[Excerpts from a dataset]
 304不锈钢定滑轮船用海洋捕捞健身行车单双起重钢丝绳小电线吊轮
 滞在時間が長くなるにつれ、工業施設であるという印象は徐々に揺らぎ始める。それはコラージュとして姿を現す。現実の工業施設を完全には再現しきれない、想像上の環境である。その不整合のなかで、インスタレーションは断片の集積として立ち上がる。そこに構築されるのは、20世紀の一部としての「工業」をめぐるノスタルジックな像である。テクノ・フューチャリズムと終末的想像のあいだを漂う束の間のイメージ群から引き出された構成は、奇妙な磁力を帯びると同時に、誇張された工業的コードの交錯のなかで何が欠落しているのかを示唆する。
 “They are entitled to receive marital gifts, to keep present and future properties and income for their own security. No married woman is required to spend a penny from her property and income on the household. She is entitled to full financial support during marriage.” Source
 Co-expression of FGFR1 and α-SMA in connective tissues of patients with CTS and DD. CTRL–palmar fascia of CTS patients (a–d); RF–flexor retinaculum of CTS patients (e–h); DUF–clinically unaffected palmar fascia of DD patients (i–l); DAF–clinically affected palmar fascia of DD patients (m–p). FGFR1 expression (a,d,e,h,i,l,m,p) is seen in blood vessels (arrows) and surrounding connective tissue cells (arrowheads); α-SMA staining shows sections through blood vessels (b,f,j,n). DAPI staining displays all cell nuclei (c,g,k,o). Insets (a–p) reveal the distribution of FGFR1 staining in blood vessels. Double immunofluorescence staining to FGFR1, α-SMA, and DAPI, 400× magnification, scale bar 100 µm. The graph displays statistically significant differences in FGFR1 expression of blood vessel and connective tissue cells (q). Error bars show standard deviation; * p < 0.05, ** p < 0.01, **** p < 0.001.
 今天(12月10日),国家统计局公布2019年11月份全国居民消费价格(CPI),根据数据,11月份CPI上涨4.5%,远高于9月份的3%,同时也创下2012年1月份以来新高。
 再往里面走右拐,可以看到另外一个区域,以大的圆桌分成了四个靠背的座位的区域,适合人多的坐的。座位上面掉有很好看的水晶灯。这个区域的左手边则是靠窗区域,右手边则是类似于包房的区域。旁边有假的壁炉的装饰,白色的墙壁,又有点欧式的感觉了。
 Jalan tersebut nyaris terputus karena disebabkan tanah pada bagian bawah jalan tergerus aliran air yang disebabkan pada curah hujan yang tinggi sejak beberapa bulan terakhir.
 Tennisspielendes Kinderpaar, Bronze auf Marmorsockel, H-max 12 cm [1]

### Exercise instructions:
Write out every record verbatim.

### Task solution:
 304不锈钢定滑轮船用海洋捕捞健身行车单双起重钢丝绳小电线吊轮
 滞在時間が長くなるにつれ、工業施設であるという印象は徐々に揺らぎ始める。それはコラージュとして姿を現す。現実の工業施設を完全には再現しきれない、想像上の環境である。その不整合のなかで、インスタレーションは断片の集積として立ち上がる。そこに構築されるのは、20世紀の一部としての「工業」をめぐるノスタルジックな像である。テクノ・フューチャリズムと終末的想像のあいだを漂う束の間のイメージ群から引き出された構成は、奇妙な磁力を帯びると同時に、誇張された工業的コードの交錯のなかで何が欠落しているのかを示唆する。
 “They are entitled to receive marital gifts, to keep present and future properties and income for their own security. No married woman is required to spend a penny from her property and income on the household. She is entitled to full financial support during marriage.” Source
 Co-expression of FGFR1 and α-SMA in connective tissues of patients with CTS and DD. CTRL–palmar fascia of CTS patients (a–d); RF–flexor retinaculum of CTS patients (e–h); DUF–clinically unaffected palmar fascia of DD patients (i–l); DAF–clinically affected palmar fascia of DD patients (m–p). FGFR1 expression (a,d,e,h,i,l,m,p) is seen in blood vessels (arrows) and surrounding connective tissue cells (arrowheads); α-SMA staining shows sections through blood vessels (b,f,j,n). DAPI staining displays all cell nuclei (c,g,k,o). Insets (a–p) reveal the distribution of FGFR1 staining in blood vessels. Double immunofluorescence staining to FGFR1, α-SMA, and DAPI, 400× magnification, scale bar 100 µm. The graph displays statistically significant differences in FGFR1 expression of blood vessel and connective tissue cells (q). Error bars show standard deviation; * p < 0.05, ** p < 0.01, **** p < 0.001.
 今天(12月10日),国家统计局公布2019年11月份全国居民消费价格(CPI),根据数据,11月份CPI上涨4.5%,远高于9月份的3%,同时也创下2012年1月份以来新高。
 再往里面走右拐,可以看到另外一个区域,以大的圆桌分成了四个靠背的座位的区域,适合人多的坐的。座位上面掉有很好看的水晶灯。这个区域的左手边则是靠窗区域,右手边则是类似于包房的区域。旁边有假的壁炉的装饰,白色的墙壁,又有点欧式的感觉了。
 Jalan tersebut nyaris terputus karena disebabkan tanah pada bagian bawah jalan tergerus aliran air yang disebabkan pada curah hujan yang tinggi sejak beberapa bulan terakhir.
 Tennisspielendes Kinderpaar, Bronze auf Marmorsockel, H-max 12 cm [1]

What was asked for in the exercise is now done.